Thanks for you nice work in CVPR 2019. It's really interesting and provides strong results.

However, I found the adversarial example generation process is not clearly described in both paper and the released code. I'm really curious about the following question: In the considered threat model, does the attack know you use ComDefend? In other words, when generating BIM and CW adv examples, do you attack the full end-to-end differentiable system (ComCNN+RecCNN+classifier), or just attack the pre-trained image classifier? Answer to this question would lead to two subtle different possibilities:

  1. If attacking the full system only decreases the accuracy to about 40% on ImageNet (l-infinity, eps=16) as reported in the paper, then the proposed system basically obtains the best white-box adversarial robustness (or slightly worse than [1]) to my best knowledge.
  2. If only the image classifier is attacked during evaluation, then there is actually no empirical results of ComDefend on white-box attacks. Carlini et.al [2,3,4] already breaks many defense methods which rely on the gradient masking effects. These methods seem to be robust on the black-box setting, but got 0% acc after appropriate BPDA attack under the white-box setting.

[1] Xie, Cihang, et al. "Feature denoising for improving adversarial robustness." CVPR, 2019 [2] Athalye, Anish, Nicholas Carlini, and David Wagner. "Obfuscated Gradients Give a False Sense of Security: Circumventing Defenses to Adversarial Examples." ICML, 2018 [3] Carlini, Nicholas. "Is AmI (Attacks Meet Interpretability) Robust to Adversarial Examples?." arXiv preprint arXiv:1902.02322 (2019). [4] Carlini, Nicholas, and David Wagner. "Defensive distillation is not robust to adversarial examples." arXiv preprint arXiv:1607.04311 (2016).

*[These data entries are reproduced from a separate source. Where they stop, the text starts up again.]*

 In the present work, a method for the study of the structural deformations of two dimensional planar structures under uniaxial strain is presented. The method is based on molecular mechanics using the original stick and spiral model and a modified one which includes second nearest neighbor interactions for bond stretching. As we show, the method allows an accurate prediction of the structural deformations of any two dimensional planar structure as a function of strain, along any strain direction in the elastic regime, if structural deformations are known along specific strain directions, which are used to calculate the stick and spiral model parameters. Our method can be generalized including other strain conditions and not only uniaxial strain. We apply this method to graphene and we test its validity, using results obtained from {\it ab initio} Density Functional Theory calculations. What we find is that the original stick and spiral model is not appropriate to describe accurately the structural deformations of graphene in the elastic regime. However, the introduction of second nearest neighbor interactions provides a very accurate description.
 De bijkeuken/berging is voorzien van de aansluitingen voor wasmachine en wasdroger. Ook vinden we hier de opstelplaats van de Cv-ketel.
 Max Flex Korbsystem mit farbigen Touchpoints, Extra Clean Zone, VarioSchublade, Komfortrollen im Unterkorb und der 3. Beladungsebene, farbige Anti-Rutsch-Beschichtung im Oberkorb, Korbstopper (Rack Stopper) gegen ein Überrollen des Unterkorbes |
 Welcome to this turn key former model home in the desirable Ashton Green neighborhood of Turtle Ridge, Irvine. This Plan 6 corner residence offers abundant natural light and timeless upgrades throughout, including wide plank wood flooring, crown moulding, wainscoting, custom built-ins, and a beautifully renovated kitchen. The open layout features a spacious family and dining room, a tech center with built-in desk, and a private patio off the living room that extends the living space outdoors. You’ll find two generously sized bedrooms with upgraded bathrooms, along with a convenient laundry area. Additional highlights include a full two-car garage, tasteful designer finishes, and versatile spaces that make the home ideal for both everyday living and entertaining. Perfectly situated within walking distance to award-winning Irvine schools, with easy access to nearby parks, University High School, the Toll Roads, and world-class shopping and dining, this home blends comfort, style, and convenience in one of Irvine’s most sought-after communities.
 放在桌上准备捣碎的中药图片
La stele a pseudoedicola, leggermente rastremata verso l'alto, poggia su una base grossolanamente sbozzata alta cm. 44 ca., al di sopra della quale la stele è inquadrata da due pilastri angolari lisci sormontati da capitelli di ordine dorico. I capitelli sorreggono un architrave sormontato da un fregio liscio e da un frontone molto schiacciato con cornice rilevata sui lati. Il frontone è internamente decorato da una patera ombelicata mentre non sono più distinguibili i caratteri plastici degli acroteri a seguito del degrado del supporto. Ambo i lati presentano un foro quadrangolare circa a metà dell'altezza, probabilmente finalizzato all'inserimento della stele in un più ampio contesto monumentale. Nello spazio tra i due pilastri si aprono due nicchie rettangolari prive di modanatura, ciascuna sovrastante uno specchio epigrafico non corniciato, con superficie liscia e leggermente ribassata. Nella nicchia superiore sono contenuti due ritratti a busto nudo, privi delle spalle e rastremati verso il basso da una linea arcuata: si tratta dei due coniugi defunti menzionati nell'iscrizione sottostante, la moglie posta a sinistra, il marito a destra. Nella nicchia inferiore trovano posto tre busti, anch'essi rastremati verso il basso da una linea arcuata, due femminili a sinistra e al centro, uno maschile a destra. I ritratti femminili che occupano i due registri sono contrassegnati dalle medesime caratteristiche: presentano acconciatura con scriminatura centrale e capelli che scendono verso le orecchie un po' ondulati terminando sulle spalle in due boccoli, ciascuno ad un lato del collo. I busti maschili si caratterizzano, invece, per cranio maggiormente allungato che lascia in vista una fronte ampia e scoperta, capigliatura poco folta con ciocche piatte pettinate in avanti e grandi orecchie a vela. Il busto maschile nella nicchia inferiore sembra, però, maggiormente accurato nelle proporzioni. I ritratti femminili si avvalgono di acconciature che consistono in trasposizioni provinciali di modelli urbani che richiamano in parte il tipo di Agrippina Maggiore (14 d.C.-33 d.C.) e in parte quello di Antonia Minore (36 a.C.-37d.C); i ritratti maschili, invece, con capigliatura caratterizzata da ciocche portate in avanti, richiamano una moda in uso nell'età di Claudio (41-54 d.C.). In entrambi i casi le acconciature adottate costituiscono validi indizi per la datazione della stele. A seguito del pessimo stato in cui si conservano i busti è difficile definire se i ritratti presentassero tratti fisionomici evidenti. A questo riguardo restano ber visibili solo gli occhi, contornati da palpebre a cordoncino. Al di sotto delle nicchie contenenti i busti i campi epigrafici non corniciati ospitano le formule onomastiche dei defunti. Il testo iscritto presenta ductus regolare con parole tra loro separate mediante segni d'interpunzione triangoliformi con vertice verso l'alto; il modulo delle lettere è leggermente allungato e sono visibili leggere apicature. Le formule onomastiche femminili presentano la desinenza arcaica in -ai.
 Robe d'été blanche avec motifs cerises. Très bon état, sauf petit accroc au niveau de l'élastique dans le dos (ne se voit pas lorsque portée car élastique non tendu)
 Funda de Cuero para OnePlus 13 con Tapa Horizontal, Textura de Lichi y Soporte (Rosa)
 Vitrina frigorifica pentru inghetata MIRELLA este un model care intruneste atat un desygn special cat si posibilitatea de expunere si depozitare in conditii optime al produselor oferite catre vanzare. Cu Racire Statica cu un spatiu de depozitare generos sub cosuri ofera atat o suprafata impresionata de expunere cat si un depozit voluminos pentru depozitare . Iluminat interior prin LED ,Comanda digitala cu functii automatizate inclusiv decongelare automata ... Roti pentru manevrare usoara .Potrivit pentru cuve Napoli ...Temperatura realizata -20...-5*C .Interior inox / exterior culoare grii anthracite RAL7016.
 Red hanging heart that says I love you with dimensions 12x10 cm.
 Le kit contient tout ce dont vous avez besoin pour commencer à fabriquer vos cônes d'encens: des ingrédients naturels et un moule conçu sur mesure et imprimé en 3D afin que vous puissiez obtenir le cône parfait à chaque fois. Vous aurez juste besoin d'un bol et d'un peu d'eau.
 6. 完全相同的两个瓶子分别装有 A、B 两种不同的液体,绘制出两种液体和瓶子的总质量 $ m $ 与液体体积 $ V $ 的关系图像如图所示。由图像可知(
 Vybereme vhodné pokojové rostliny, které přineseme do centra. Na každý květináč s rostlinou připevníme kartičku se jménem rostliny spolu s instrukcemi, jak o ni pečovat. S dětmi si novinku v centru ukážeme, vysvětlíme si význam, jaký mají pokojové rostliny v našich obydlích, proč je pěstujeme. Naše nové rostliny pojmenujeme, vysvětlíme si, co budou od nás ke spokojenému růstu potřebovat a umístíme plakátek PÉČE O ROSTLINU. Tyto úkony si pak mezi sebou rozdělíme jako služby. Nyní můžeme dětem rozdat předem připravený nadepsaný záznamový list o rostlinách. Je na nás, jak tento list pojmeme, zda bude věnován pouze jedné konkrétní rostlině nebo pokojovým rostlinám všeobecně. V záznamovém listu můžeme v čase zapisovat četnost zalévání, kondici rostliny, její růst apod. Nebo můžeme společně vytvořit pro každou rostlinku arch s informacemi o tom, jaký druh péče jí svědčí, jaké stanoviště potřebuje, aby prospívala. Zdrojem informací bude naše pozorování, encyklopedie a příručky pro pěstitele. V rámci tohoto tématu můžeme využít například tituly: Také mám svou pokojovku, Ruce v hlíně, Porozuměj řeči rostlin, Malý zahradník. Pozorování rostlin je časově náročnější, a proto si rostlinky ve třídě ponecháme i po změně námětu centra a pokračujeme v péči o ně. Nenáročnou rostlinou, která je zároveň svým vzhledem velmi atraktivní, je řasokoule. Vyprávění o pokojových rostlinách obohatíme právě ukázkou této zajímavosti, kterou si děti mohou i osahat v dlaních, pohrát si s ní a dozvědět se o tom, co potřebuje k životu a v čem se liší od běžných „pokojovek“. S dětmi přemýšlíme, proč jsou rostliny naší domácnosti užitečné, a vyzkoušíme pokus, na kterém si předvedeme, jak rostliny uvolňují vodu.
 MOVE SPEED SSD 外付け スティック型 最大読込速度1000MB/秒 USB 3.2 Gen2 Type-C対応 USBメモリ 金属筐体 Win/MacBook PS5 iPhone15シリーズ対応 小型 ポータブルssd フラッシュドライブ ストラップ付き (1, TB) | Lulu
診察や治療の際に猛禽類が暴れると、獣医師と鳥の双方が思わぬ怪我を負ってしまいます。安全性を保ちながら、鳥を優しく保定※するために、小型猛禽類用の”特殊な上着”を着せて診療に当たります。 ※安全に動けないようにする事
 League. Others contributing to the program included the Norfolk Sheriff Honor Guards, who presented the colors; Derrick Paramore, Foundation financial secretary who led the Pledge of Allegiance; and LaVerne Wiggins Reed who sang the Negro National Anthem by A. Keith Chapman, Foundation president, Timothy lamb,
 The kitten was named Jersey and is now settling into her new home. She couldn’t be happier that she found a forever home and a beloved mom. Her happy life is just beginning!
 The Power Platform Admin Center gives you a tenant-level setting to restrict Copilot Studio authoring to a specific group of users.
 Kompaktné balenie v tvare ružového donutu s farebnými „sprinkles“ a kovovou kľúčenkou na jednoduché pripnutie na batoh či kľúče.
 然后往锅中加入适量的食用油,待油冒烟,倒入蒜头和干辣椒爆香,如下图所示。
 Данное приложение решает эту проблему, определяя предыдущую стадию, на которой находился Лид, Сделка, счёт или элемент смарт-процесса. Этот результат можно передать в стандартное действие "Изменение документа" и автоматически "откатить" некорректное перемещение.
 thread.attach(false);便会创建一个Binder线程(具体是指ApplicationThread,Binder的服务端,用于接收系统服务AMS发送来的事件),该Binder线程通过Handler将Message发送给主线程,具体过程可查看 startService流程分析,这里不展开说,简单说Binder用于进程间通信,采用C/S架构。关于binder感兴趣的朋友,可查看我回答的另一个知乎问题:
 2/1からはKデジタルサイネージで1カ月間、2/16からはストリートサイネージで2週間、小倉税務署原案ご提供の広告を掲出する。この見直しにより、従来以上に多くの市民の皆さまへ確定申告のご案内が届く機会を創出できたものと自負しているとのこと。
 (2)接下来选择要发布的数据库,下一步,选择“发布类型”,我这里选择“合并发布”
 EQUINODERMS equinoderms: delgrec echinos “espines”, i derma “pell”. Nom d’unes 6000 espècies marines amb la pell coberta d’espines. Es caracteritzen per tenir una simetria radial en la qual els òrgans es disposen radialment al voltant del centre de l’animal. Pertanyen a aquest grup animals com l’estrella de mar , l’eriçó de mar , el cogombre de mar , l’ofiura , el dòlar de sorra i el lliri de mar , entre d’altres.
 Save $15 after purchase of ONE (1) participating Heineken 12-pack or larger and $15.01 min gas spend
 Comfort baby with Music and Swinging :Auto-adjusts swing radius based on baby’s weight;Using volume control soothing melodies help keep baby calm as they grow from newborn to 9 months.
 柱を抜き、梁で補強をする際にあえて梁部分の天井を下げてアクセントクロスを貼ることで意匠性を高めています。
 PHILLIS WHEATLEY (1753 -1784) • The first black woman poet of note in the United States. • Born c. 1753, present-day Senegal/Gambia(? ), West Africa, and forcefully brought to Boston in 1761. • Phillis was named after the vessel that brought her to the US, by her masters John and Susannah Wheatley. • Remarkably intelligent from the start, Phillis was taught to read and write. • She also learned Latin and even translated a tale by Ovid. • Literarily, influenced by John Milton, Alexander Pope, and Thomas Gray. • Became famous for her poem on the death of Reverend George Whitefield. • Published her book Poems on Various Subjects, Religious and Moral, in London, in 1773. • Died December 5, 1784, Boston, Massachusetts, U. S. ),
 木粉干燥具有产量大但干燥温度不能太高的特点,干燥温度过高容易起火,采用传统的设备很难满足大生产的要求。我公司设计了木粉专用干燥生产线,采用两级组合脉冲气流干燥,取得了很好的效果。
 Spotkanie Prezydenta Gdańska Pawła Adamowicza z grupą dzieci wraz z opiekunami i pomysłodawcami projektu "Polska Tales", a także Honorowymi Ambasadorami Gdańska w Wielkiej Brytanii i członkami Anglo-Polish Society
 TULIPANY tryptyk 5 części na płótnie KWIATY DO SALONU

If attacking the full system, I think the results will be completely different, especially by PGD attack.

jiaxiaojunQAQ commented 5 years ago

Hi, Thanks for you nice work in CVPR 2019. It's really interesting and provides strong results. However, I found the adversarial example generation process is not clearly described in both paper and the released code. I'm really curious about the following question: In the considered threat model, does the attack know you use ComDefend? In other words, when generating BIM and CW adv examples, do you attack the full end-to-end differentiable system (ComCNN+RecCNN+classifier), or just attack the pre-trained image classifier? Answer to this question would lead to two subtle different possibilities:

  1. If attacking the full system only decreases the accuracy to about 40% on ImageNet (l-infinity, eps=16) as reported in the paper, then the proposed system basically obtains the best white-box adversarial robustness (or slightly worse than [1]) to my best knowledge.
  2. If only the image classifier is attacked during evaluation, then there is actually no empirical results of ComDefend on white-box attacks. Carlini et.al [2,3,4] already breaks many defense methods which rely on the gradient masking effects. These methods seem to be robust on the black-box setting, but got 0% acc after appropriate BPDA attack under the white-box setting.

[1] Xie, Cihang, et al. "Feature denoising for improving adversarial robustness." CVPR, 2019 [2] Athalye, Anish, Nicholas Carlini, and David Wagner. "Obfuscated Gradients Give a False Sense of Security: Circumventing Defenses to Adversarial Examples." ICML, 2018 [3] Carlini, Nicholas. "Is AmI (Attacks Meet Interpretability) Robust to Adversarial Examples?." arXiv preprint arXiv:1902.02322 (2019). [4] Carlini, Nicholas, and David Wagner. "Defensive distillation is not robust to adversarial examples." arXiv preprint arXiv:1607.04311 (2016).

If attacking the full system, I think the results will be completely different, especially by PGD attack.

As I have said when we attack the full end-to-end system, there would be a gradient explosion phenomenon. In my opinion, the essence of compression is to reduce the size of the counter-subspace. Specifically, it will offset the direction of the adversarial sample toward the clean sample. Of course, there are also adversarial examples in the compression space, so you can definitely find the adversarial examples with PGD. However, the adversarial examples at this time may have a large gap with the clean image, such as the noise is obvious.